Deploying nginx to Kubernetes

nginx is a fairly lightweight, high-performance, open source web server/reverse proxy, which has grown over time as an HTTP cache, load balancer, and email proxy as well. Its potential lies in being able to work with a large number of connections at a high speed, something that makes it hold 20% of the web server market share.

Its operation is based on not creating new processes for each web request it receives, but instead using an asynchronous event-based approach, where requests are handled in a single thread.
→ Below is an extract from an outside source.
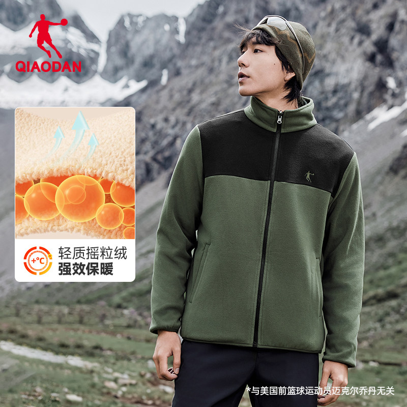 鸿星尔克加绒外套男款冬季新款男士衣服加厚卫衣运动夹克爸爸男装
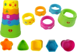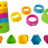 - Piramidă cu 5 niveluri cu orificiu pentru bile – asamblați de la cel mai mic la cel mai mare.

As we can imagine, this is of great interest, so let’s see how we can deploy nginx through a Kubernetes container.

Choosing a Docker image

There are several options available, but the two most widespread are the following ones:

nginx

This Docker Hub image is the generic and main one. If we have an environment with Docker orchestration, this will be the best option to be able to work, since it is the easiest to use. On the other hand, if we use Kubernetes, this image can give us several problems, especially due to permissions working in Openshift environments.

In the latter case, no image can be run as root users, and by default the nginx image runs as root. Besides, its initial configuration file uses port 80, which will no longer be available since we need user permissions to use it.

bitnami/nginx 

This image comes preconfigured to run on Kubernetes environments and, thanks to its default configuration, it is perfect for Openshift environments.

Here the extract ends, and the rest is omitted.